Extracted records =
★ ★ ★ ★ ★ ★ ★
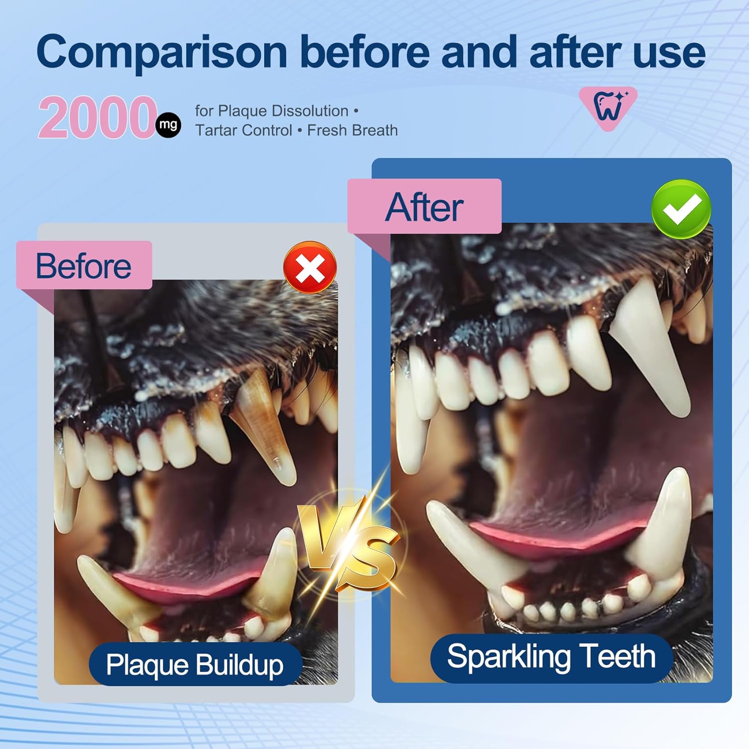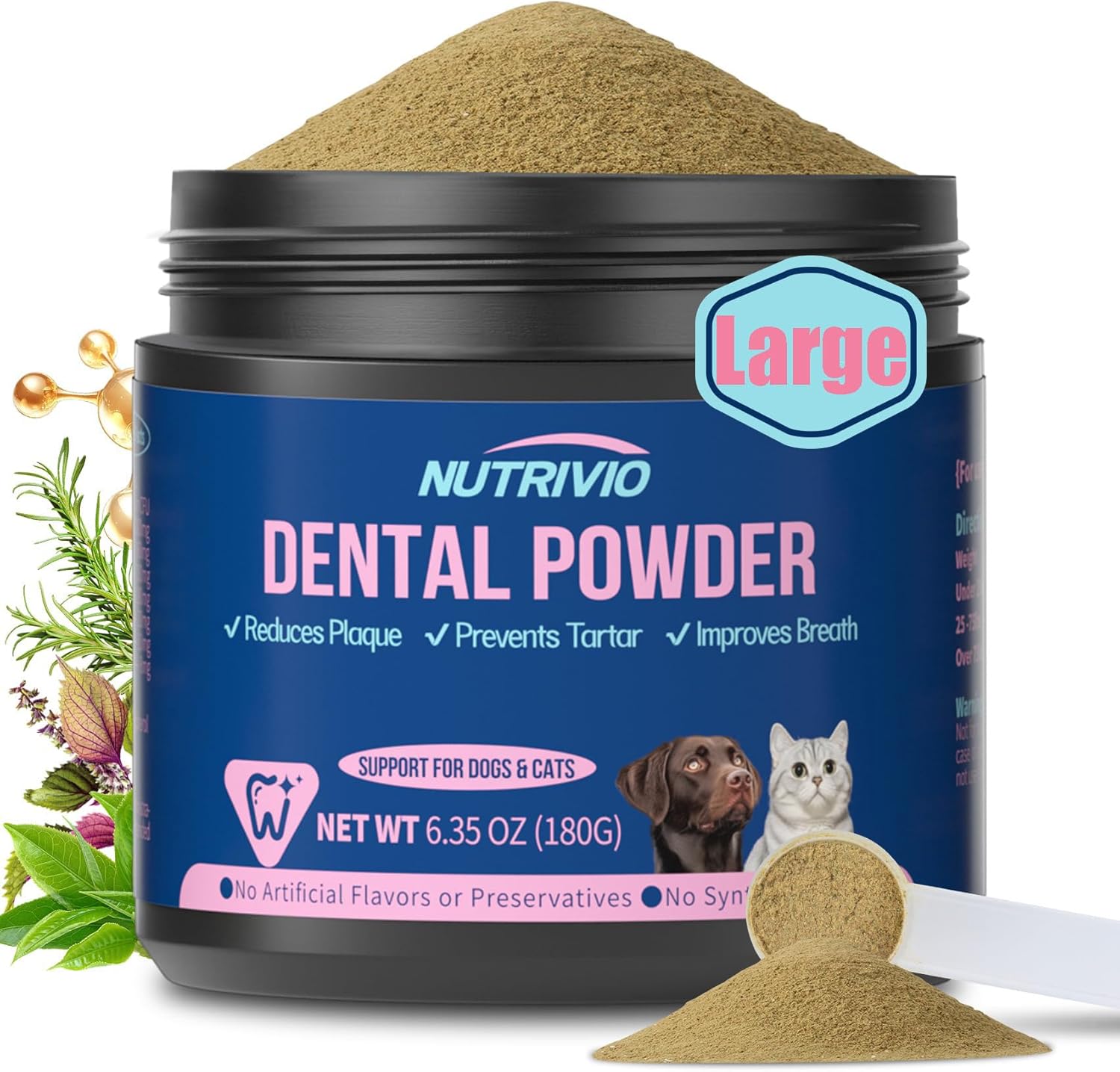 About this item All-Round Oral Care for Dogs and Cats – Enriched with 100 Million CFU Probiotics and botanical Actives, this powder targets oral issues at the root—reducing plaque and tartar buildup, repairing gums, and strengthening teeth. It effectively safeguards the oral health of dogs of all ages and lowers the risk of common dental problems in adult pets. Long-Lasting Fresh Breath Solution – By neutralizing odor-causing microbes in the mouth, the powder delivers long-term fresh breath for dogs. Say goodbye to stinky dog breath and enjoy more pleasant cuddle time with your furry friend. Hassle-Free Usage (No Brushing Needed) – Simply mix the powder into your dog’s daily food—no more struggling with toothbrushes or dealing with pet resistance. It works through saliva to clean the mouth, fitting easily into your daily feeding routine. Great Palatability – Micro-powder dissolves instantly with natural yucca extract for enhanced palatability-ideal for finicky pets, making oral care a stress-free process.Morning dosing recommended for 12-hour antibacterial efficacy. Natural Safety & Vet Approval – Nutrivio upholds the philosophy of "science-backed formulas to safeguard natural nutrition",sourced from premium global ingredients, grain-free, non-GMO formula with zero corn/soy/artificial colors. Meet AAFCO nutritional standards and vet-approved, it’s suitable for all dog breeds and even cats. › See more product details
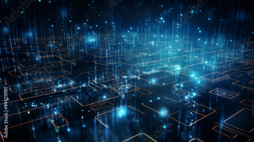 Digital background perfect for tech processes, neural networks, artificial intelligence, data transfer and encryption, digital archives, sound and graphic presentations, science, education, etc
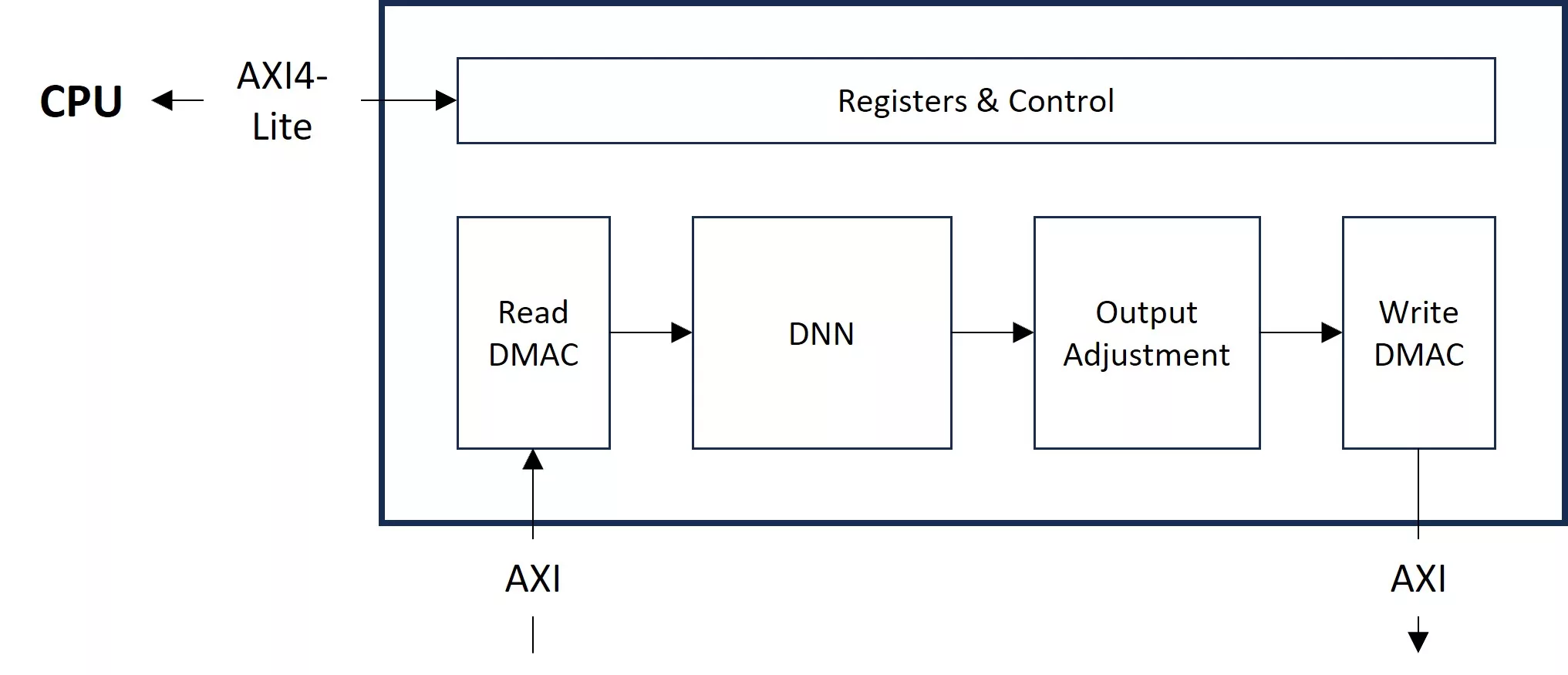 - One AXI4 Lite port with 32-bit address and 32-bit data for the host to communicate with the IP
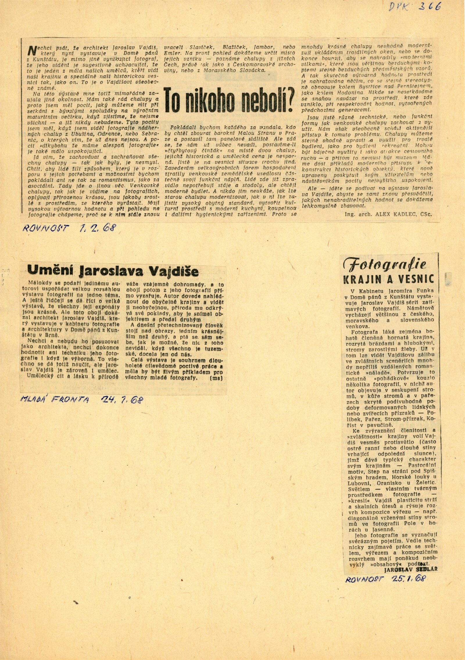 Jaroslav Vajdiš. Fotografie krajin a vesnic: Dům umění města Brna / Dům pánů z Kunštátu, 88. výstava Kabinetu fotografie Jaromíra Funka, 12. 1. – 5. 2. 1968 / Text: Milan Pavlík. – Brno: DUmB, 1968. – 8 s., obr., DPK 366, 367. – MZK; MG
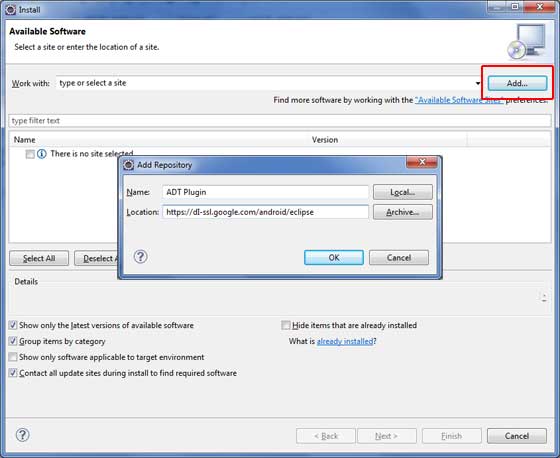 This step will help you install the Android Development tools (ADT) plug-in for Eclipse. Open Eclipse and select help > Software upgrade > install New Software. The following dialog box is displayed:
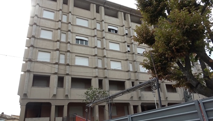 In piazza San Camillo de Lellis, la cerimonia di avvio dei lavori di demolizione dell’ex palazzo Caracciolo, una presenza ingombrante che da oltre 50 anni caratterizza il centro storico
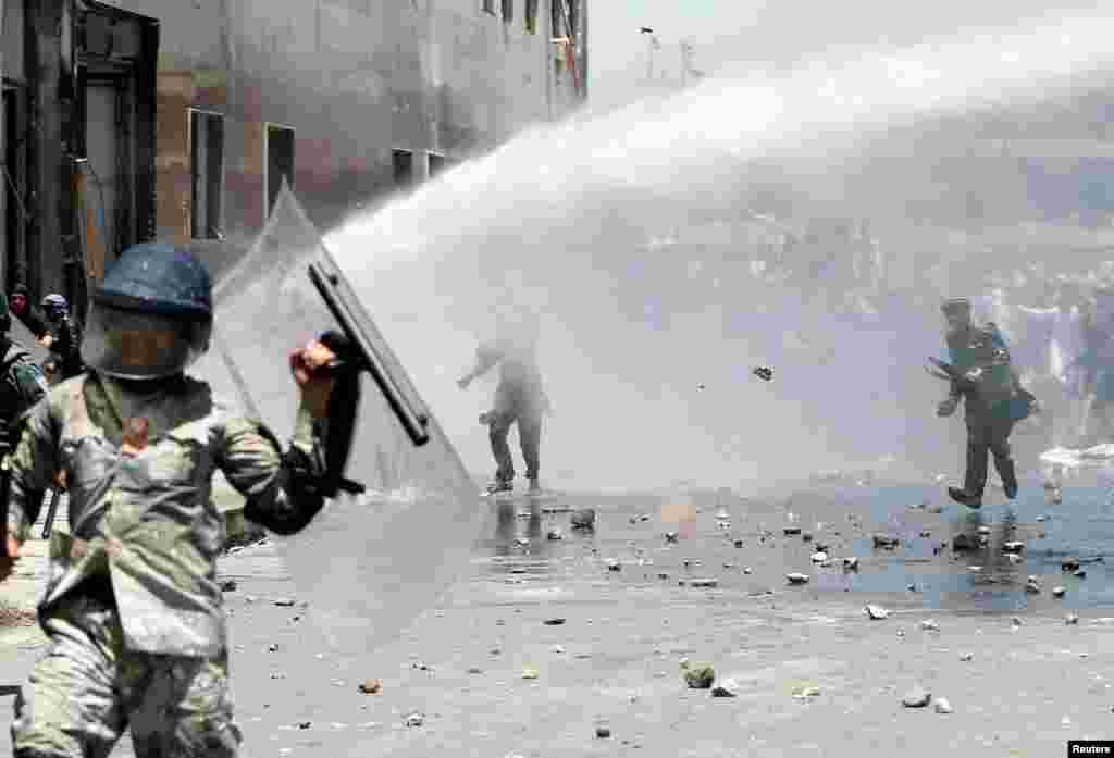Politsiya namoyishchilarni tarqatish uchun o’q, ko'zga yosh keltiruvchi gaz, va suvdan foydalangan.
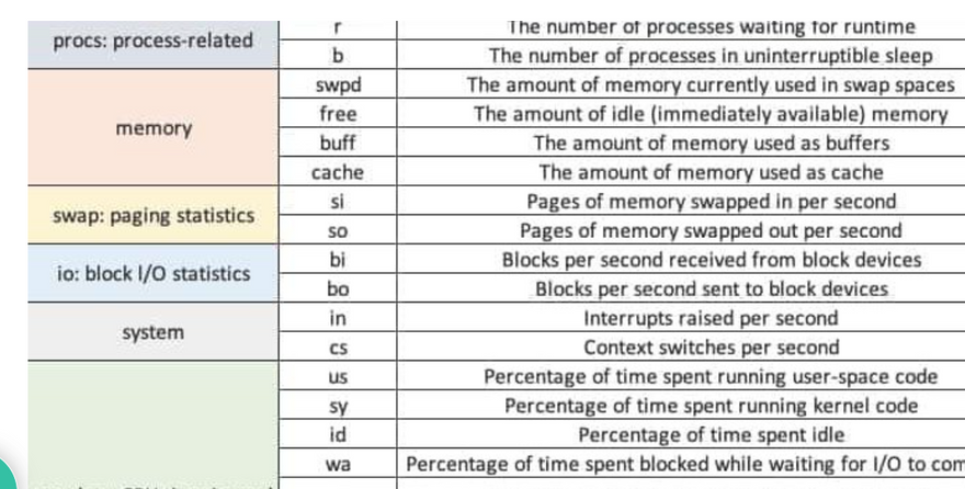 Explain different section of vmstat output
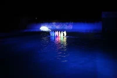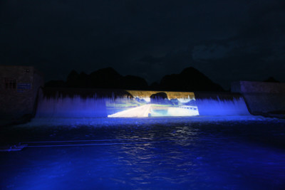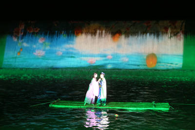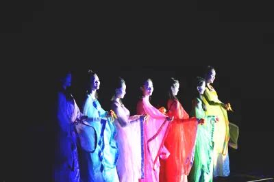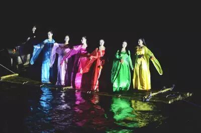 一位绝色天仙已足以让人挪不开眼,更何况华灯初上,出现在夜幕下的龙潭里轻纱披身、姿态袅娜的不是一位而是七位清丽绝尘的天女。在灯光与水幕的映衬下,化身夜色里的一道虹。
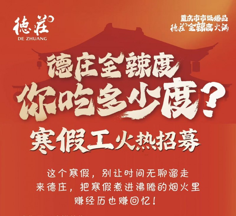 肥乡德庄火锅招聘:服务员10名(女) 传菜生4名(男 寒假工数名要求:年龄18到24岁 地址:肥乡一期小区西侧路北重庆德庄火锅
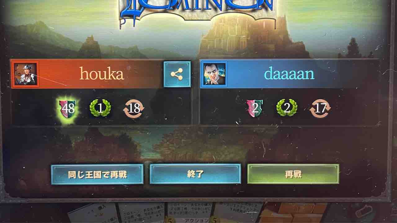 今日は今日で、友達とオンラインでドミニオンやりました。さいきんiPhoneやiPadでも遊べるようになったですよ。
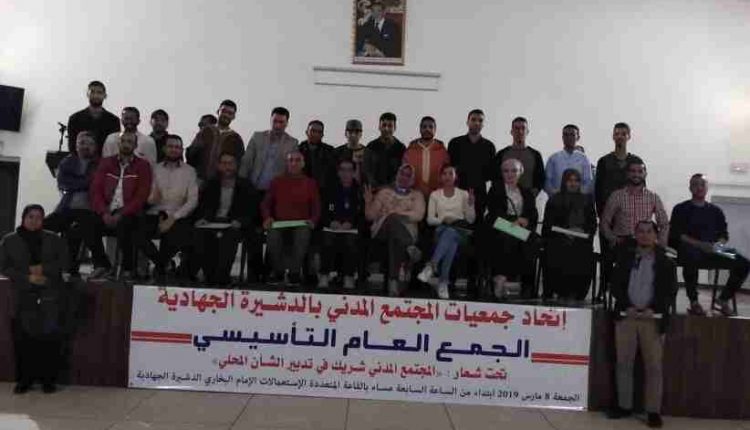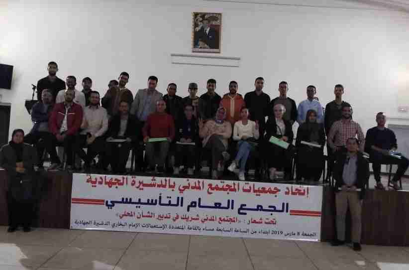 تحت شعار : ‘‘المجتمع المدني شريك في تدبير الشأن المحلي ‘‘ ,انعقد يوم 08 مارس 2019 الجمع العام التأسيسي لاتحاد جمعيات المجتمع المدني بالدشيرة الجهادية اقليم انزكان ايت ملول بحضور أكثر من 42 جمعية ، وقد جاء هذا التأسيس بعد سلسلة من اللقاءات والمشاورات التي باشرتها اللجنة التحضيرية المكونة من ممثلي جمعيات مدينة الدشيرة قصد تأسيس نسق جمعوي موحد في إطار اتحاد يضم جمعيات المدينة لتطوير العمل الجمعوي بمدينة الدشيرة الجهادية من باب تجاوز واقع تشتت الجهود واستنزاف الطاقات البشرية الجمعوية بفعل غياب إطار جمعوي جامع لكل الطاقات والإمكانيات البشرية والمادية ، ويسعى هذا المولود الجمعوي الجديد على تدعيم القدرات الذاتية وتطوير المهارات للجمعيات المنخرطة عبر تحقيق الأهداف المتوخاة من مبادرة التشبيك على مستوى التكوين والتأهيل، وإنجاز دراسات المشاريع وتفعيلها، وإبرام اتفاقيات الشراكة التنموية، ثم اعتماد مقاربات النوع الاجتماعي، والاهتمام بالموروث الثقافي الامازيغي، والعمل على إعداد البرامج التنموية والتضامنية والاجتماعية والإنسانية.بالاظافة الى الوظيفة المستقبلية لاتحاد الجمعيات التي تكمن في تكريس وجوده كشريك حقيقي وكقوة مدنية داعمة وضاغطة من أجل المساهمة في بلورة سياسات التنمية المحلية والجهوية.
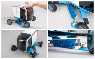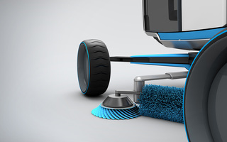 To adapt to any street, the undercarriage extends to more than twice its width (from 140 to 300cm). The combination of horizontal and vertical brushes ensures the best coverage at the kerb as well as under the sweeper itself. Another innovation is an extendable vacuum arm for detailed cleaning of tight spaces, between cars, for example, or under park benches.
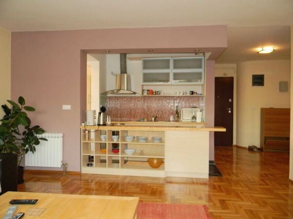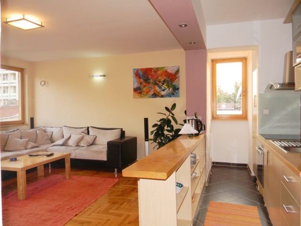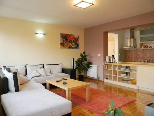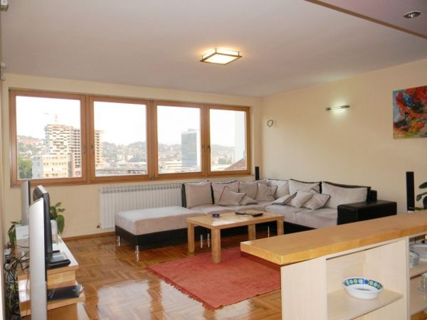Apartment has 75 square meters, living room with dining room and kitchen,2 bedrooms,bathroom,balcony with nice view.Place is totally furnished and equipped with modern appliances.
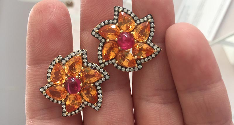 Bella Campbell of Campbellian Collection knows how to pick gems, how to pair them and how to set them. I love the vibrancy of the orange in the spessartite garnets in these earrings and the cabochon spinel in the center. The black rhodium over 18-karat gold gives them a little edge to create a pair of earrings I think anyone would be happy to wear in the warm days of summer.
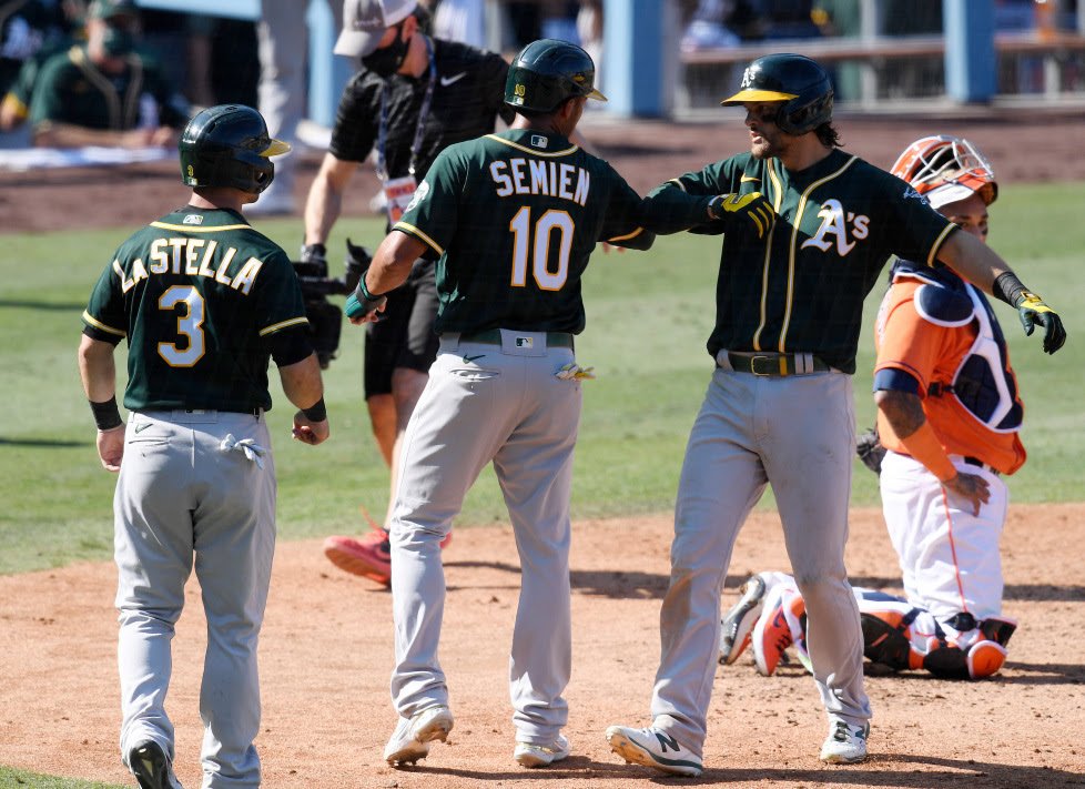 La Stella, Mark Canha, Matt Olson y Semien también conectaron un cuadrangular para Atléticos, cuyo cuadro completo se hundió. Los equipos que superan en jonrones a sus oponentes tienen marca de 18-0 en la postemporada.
★ ★ ★ ★ ★ ★ ★
Only the records are wanted, copied exactly, with the pictures dropped.

Response to the task =
 About this item All-Round Oral Care for Dogs and Cats – Enriched with 100 Million CFU Probiotics and botanical Actives, this powder targets oral issues at the root—reducing plaque and tartar buildup, repairing gums, and strengthening teeth. It effectively safeguards the oral health of dogs of all ages and lowers the risk of common dental problems in adult pets. Long-Lasting Fresh Breath Solution – By neutralizing odor-causing microbes in the mouth, the powder delivers long-term fresh breath for dogs. Say goodbye to stinky dog breath and enjoy more pleasant cuddle time with your furry friend. Hassle-Free Usage (No Brushing Needed) – Simply mix the powder into your dog’s daily food—no more struggling with toothbrushes or dealing with pet resistance. It works through saliva to clean the mouth, fitting easily into your daily feeding routine. Great Palatability – Micro-powder dissolves instantly with natural yucca extract for enhanced palatability-ideal for finicky pets, making oral care a stress-free process.Morning dosing recommended for 12-hour antibacterial efficacy. Natural Safety & Vet Approval – Nutrivio upholds the philosophy of "science-backed formulas to safeguard natural nutrition",sourced from premium global ingredients, grain-free, non-GMO formula with zero corn/soy/artificial colors. Meet AAFCO nutritional standards and vet-approved, it’s suitable for all dog breeds and even cats. › See more product details
 Digital background perfect for tech processes, neural networks, artificial intelligence, data transfer and encryption, digital archives, sound and graphic presentations, science, education, etc
 - One AXI4 Lite port with 32-bit address and 32-bit data for the host to communicate with the IP
 Jaroslav Vajdiš. Fotografie krajin a vesnic: Dům umění města Brna / Dům pánů z Kunštátu, 88. výstava Kabinetu fotografie Jaromíra Funka, 12. 1. – 5. 2. 1968 / Text: Milan Pavlík. – Brno: DUmB, 1968. – 8 s., obr., DPK 366, 367. – MZK; MG
 This step will help you install the Android Development tools (ADT) plug-in for Eclipse. Open Eclipse and select help > Software upgrade > install New Software. The following dialog box is displayed:
 In piazza San Camillo de Lellis, la cerimonia di avvio dei lavori di demolizione dell’ex palazzo Caracciolo, una presenza ingombrante che da oltre 50 anni caratterizza il centro storico
Politsiya namoyishchilarni tarqatish uchun o’q, ko'zga yosh keltiruvchi gaz, va suvdan foydalangan.
 Explain different section of vmstat output
 一位绝色天仙已足以让人挪不开眼,更何况华灯初上,出现在夜幕下的龙潭里轻纱披身、姿态袅娜的不是一位而是七位清丽绝尘的天女。在灯光与水幕的映衬下,化身夜色里的一道虹。
 肥乡德庄火锅招聘:服务员10名(女) 传菜生4名(男 寒假工数名要求:年龄18到24岁 地址:肥乡一期小区西侧路北重庆德庄火锅
 今日は今日で、友達とオンラインでドミニオンやりました。さいきんiPhoneやiPadでも遊べるようになったですよ。
 تحت شعار : ‘‘المجتمع المدني شريك في تدبير الشأن المحلي ‘‘ ,انعقد يوم 08 مارس 2019 الجمع العام التأسيسي لاتحاد جمعيات المجتمع المدني بالدشيرة الجهادية اقليم انزكان ايت ملول بحضور أكثر من 42 جمعية ، وقد جاء هذا التأسيس بعد سلسلة من اللقاءات والمشاورات التي باشرتها اللجنة التحضيرية المكونة من ممثلي جمعيات مدينة الدشيرة قصد تأسيس نسق جمعوي موحد في إطار اتحاد يضم جمعيات المدينة لتطوير العمل الجمعوي بمدينة الدشيرة الجهادية من باب تجاوز واقع تشتت الجهود واستنزاف الطاقات البشرية الجمعوية بفعل غياب إطار جمعوي جامع لكل الطاقات والإمكانيات البشرية والمادية ، ويسعى هذا المولود الجمعوي الجديد على تدعيم القدرات الذاتية وتطوير المهارات للجمعيات المنخرطة عبر تحقيق الأهداف المتوخاة من مبادرة التشبيك على مستوى التكوين والتأهيل، وإنجاز دراسات المشاريع وتفعيلها، وإبرام اتفاقيات الشراكة التنموية، ثم اعتماد مقاربات النوع الاجتماعي، والاهتمام بالموروث الثقافي الامازيغي، والعمل على إعداد البرامج التنموية والتضامنية والاجتماعية والإنسانية.بالاظافة الى الوظيفة المستقبلية لاتحاد الجمعيات التي تكمن في تكريس وجوده كشريك حقيقي وكقوة مدنية داعمة وضاغطة من أجل المساهمة في بلورة سياسات التنمية المحلية والجهوية.
 To adapt to any street, the undercarriage extends to more than twice its width (from 140 to 300cm). The combination of horizontal and vertical brushes ensures the best coverage at the kerb as well as under the sweeper itself. Another innovation is an extendable vacuum arm for detailed cleaning of tight spaces, between cars, for example, or under park benches.
Apartment has 75 square meters, living room with dining room and kitchen,2 bedrooms,bathroom,balcony with nice view.Place is totally furnished and equipped with modern appliances.
 Bella Campbell of Campbellian Collection knows how to pick gems, how to pair them and how to set them. I love the vibrancy of the orange in the spessartite garnets in these earrings and the cabochon spinel in the center. The black rhodium over 18-karat gold gives them a little edge to create a pair of earrings I think anyone would be happy to wear in the warm days of summer.
 La Stella, Mark Canha, Matt Olson y Semien también conectaron un cuadrangular para Atléticos, cuyo cuadro completo se hundió. Los equipos que superan en jonrones a sus oponentes tienen marca de 18-0 en la postemporada.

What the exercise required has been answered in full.